Stored data
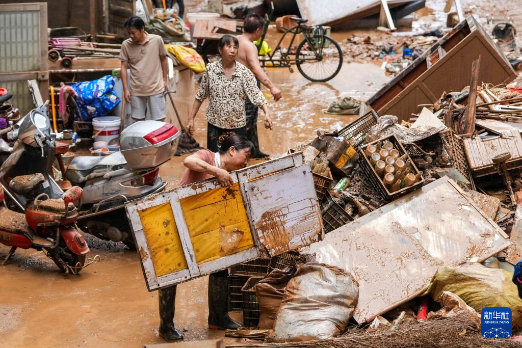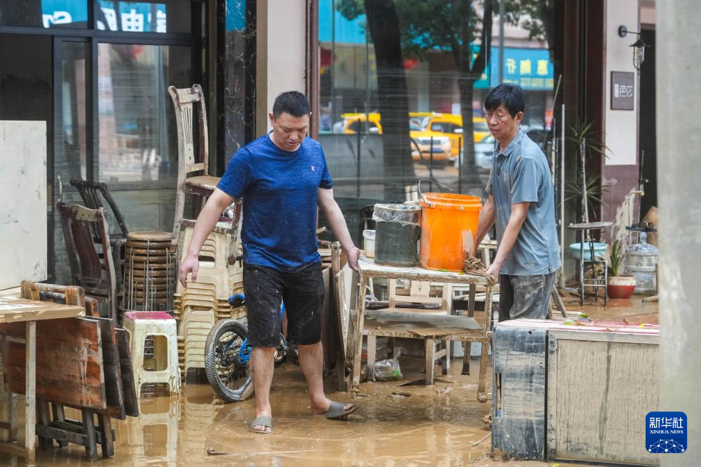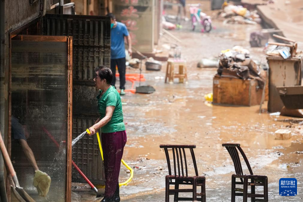 7月3日,在平江县新村路附近,群众在清扫房屋。
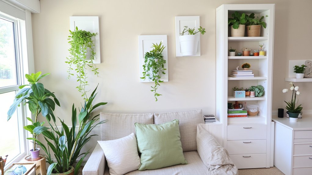 - Mount wall planters with trailing pothos to add dimension without cluttering surfaces
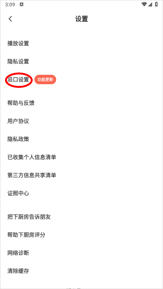 3、在设置界面点击忌口设置
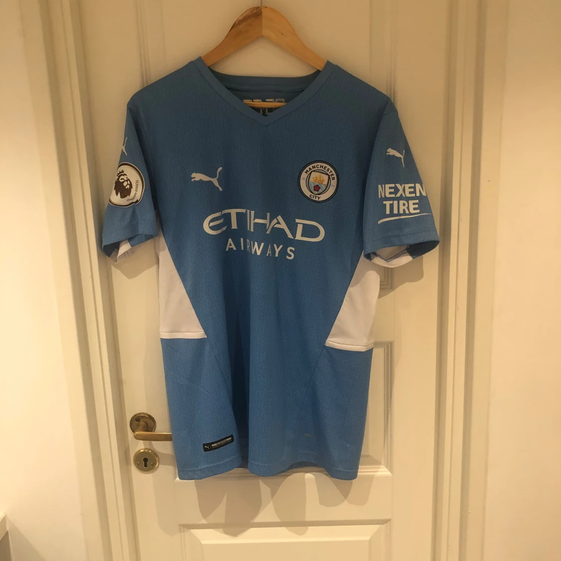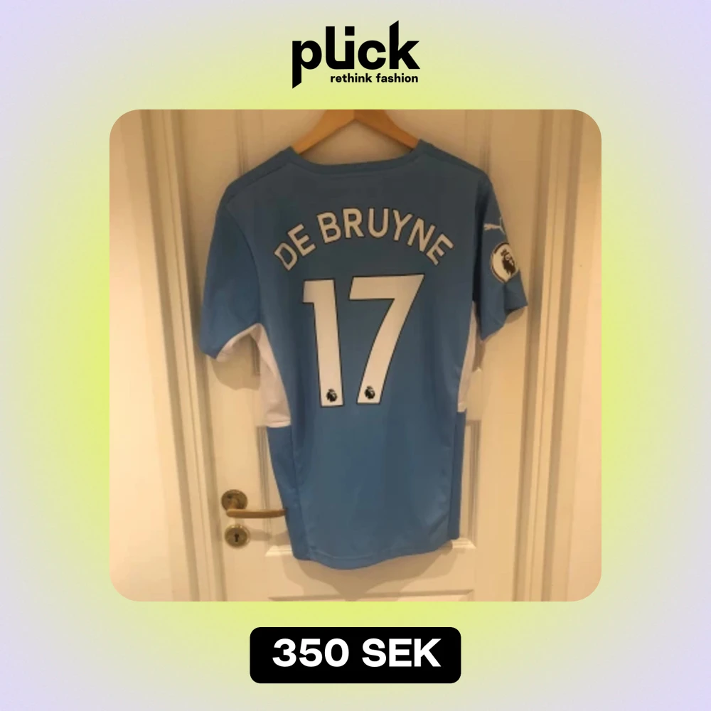 En blå Manchester City fotbollströja från Puma med korta ärmar. Tröjan har 'De Bruyne' och nummer 17 tryckt på baksidan. På framsidan finns Manchester Citys klubbmärke, Puma-logotypen, och sponsorn 'Etihad Airways'. Tröjan har även Premier League-logotypen på ärmen.
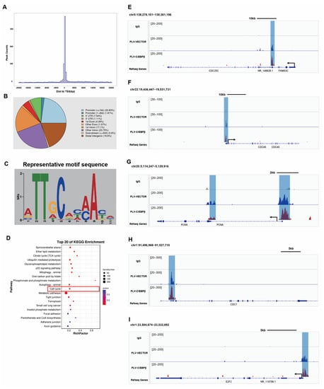 C/EBPβ promoted the expression of proliferative genes by binding to promoter regions. (A) CUT&Tag data analysis for peak summit of relative genes at location map, the abscissa was the distance between peak summit and TSS site, and the ordinate was the number of peaks. (B) Pie chart of peak distribution on gene functional elements. (C) Top scoring and representative motif sequence of C/EBPβ binding sites. (D) KEGG enrichment bubble diagram to show the first 20 pathways with the smallest q values, pathway shown as the ordinate and rich factor shown as the abscissa (the number of differences in this pathway divided by all the numbers). The size indicated the number; the redder the color, the smaller the q value. (E–I) The peaks of individual proliferative genes, including CDC25C, CDC45L, PCNA, CDC7, and E2F2, were enriched in the transcriptional regulatory regions of their respective genes, and the peaks of some genes were enhanced after overexpression of C/EBPβ.

Your goal
Pictures excluded, repeat the material above from its first line through the line containing "3、在设置界面点击忌口设置", both included.

Exercise answer
 7月3日,在平江县新村路附近,群众在清扫房屋。
 - Mount wall planters with trailing pothos to add dimension without cluttering surfaces
 3、在设置界面点击忌口设置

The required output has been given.